Several developers are working on a project and each one has their own connection string in Web.Config. Every once in a while (usually few hours!!) a developer forgets to exclude web.config from their commit and soon everyone has to go though the cycle of getting an error, discovering that its because of wrong connection string, and correct it. The reason is that when people choose to commit their changes, VS adds all changes to commit. They can exclude it, but they forget.
Is there a way to exclude a file from commits By Default? Please note that this is different from excluding the file from repository which can be done in .gitignore.
In the Visual Studio, click Git > Settings. This opens the Options window. Navigate to Source Control > Git Repository Settings. In the Git files section, click Add (next to Ignore file ). It’ll add the .gitignore file to the repository root directory. The UI will change to indicate that the .gitignore now exists.

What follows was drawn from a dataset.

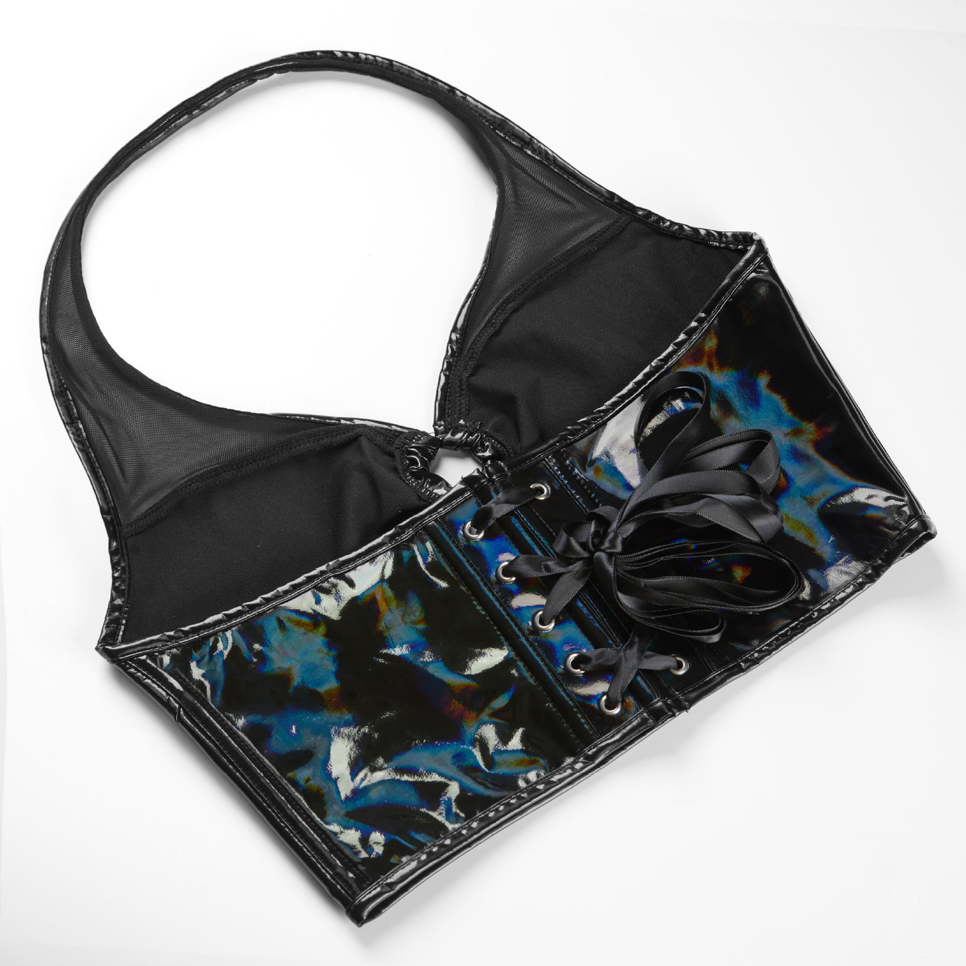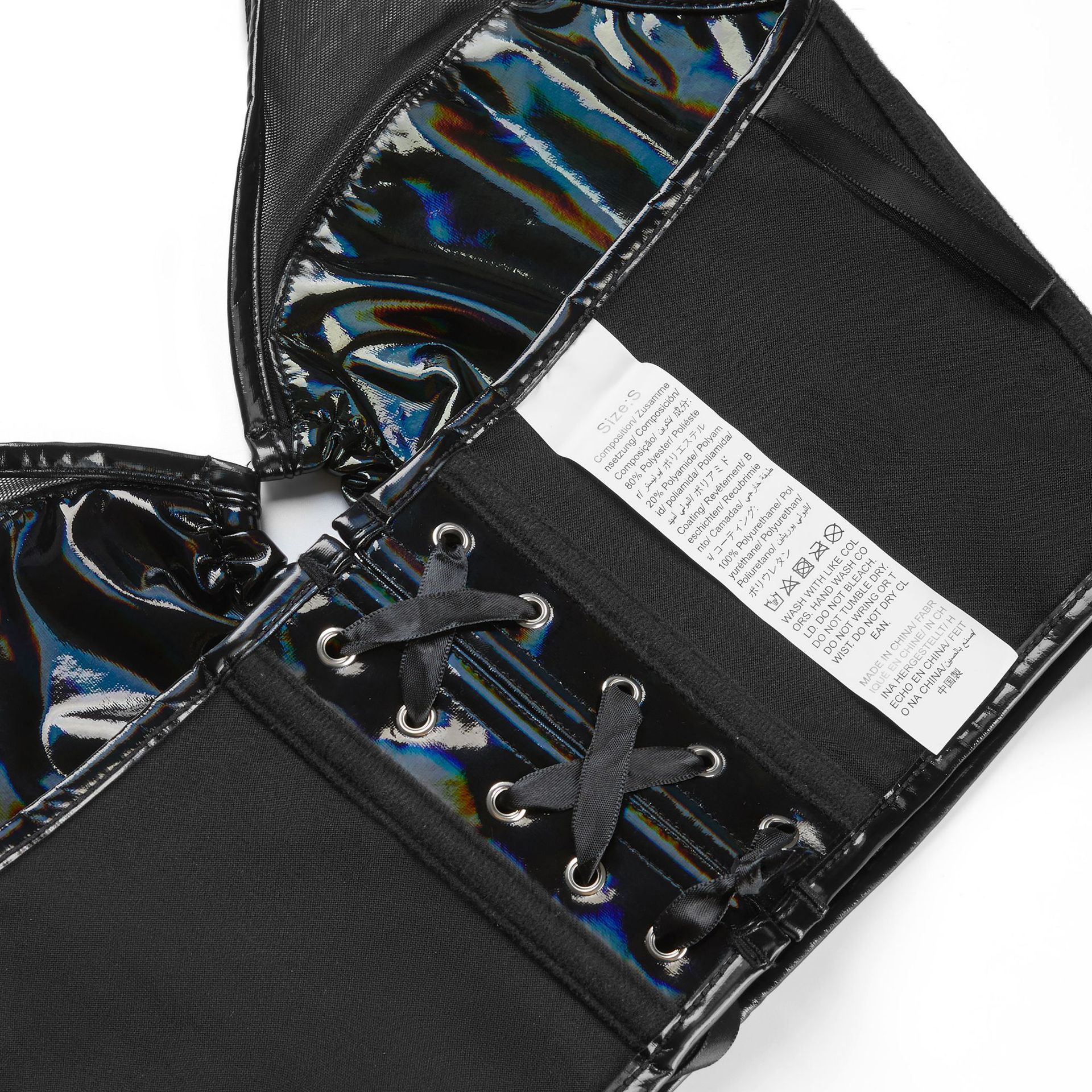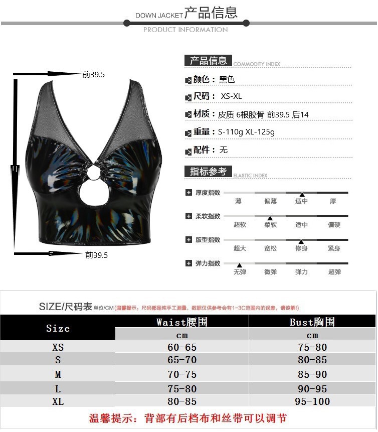 Europa y los Estados Unidos correa nueva malla de cuero PU empalmado hueco sexy envuelto pecho cuello plástico ropa de mujer suministro transfronterizo
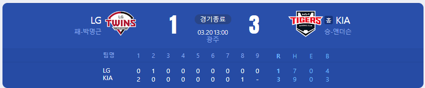 기아 타이거즈가 LG 트윈스를 상대로 3 대 1 승리를 가져갑니다.

Excluding a file is simple. In the root folder of your source controlled project is a folder named .git. (Note the period on the front, also note that on some operating systems it may be hidden by default.) Under it is another folder called info. In .git/info is a file called exclude (with no extension).

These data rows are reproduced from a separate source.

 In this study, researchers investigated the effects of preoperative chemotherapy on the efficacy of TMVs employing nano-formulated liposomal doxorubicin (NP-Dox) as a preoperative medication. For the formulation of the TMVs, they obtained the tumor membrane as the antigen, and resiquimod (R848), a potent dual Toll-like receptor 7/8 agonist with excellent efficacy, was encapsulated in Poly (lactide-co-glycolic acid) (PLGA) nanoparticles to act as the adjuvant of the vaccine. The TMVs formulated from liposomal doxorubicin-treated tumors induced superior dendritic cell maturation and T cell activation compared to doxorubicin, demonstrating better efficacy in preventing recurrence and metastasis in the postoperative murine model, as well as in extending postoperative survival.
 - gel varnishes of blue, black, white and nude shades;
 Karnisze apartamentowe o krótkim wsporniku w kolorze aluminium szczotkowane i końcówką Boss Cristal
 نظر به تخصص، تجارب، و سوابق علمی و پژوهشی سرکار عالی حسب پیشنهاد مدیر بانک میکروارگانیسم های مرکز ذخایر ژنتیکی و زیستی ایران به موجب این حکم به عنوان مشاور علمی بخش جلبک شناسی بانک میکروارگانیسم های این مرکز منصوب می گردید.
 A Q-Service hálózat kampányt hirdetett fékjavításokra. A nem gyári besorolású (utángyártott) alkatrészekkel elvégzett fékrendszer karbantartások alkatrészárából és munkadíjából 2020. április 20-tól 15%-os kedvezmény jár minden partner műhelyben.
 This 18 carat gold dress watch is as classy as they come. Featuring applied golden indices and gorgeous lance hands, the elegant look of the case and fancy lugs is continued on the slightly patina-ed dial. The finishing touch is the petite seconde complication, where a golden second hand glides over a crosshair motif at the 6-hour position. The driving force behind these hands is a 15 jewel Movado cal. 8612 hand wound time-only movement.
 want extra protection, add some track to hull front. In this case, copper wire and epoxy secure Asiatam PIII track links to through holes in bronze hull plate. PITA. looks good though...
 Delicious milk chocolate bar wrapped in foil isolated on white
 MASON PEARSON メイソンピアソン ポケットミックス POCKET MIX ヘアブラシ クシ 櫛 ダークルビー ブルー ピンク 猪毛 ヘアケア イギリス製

From the top menu select Git > Settings. The above will open Visual Studio’s Options with Source Control > Git Global Settings selected. From the list on the left select Git Repository Settings and then click the Add button for Ignore file. The above will add a.gitignore file with all the proper files ignored for a typical Visual Studio setup.

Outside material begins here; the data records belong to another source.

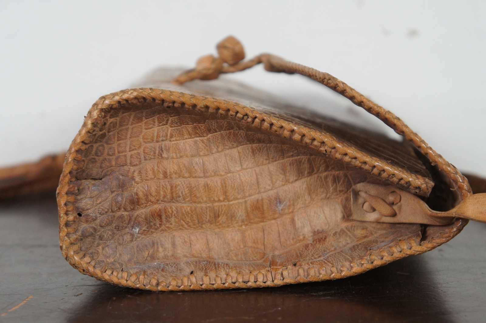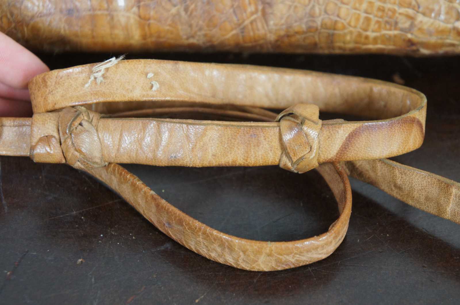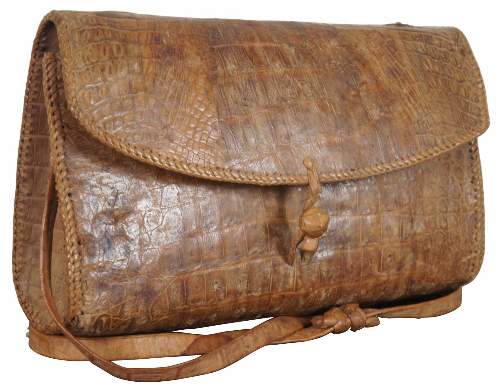 Vintage brown leather alligator skin bag with loop and toggle closure and fully adjustable shoulder strap.
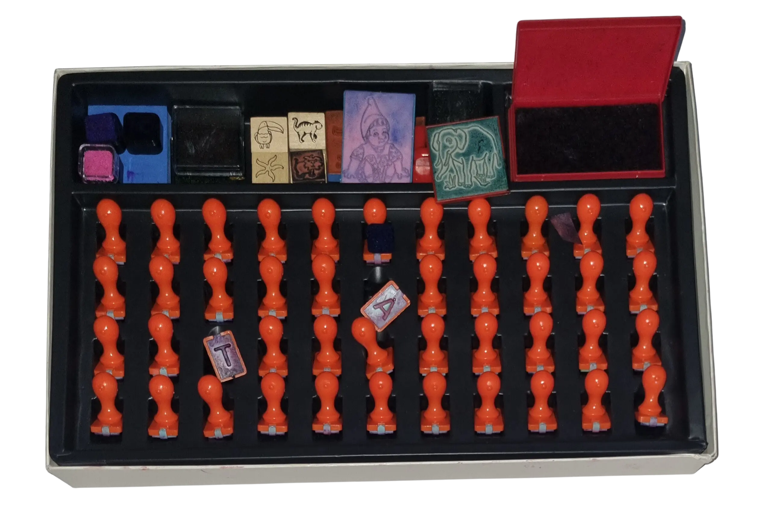 - Zustand gebraucht, vollständig jedoch ohne Papiervorlagen, Stempelkissen ausgetrocknet
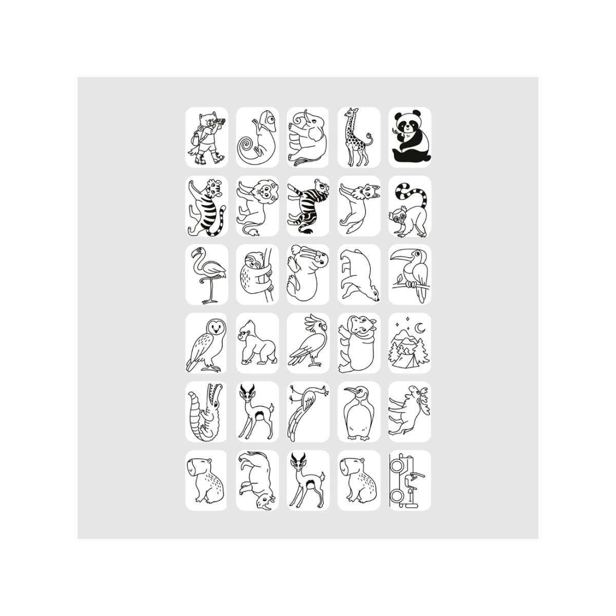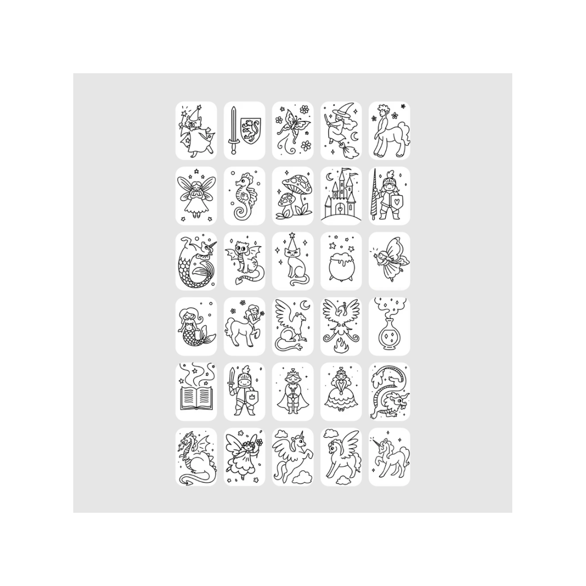 Este pack incluye una colección de láminas reutilizables con ilustraciones de temática Érase una vez y Animales, ideales para calcar fácilmente sobre la pantalla de la pizarra (no incluida). Solo hay que colocar la plantilla en la KIDYDRAW-MINI… y empezar a crear. Podrán dibujar castillos, personajes mágicos, animales adorables y escenas llenas de aventura, repitiendo los diseños tantas veces como quieran.
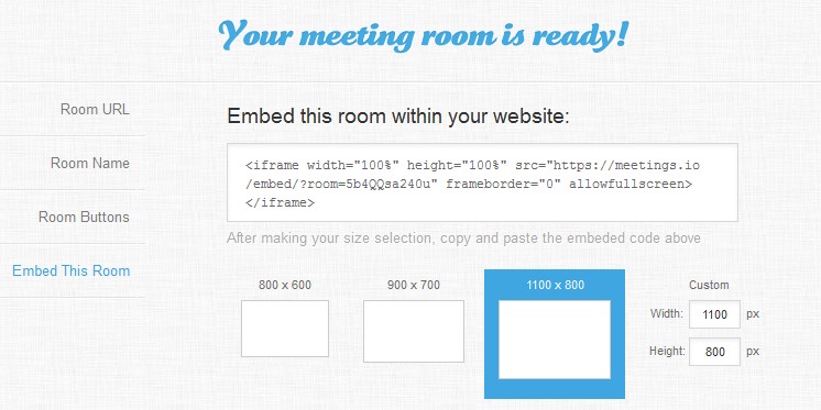 With this code meeting room can be embedded directly to your website. Once last thing, once you open up a meeting room, protection to it can be added in the top right corner of the screen.

When we used TFS control, we were able from Visual Studio to just right-click the file and choose "Exclude" and it would appear in the "Excluded changes" list and not being checked in with the changeset. But that's not possible in Git. At least not from Visual Studio.
Ok. It turns out that a solution to the original problem is possible. The complete guide is in this post by Scott Hanselman. The basic idea is that you can put part of the configuration data in another file and then refer to that file from web.config. That file can be excluded from source control in .gitignore as usual.
<appSettings file="Web.SECRETS.config">
<add key="name" value="someValue" />
</appSettings>
There is an even better solution to your problem. You can easily create an ASP.NET 5 like configuration yourself, in any .NET application (older versions of ASP.NET, console apps, etc.):
http://dusted.codes/aspnet-5-like-configuration-in-regular-dotnet-applications
You can save the connection string in Windows Registry. This way you can maintain different registry values for different machines (ex: if the different database name is used for test server and production server).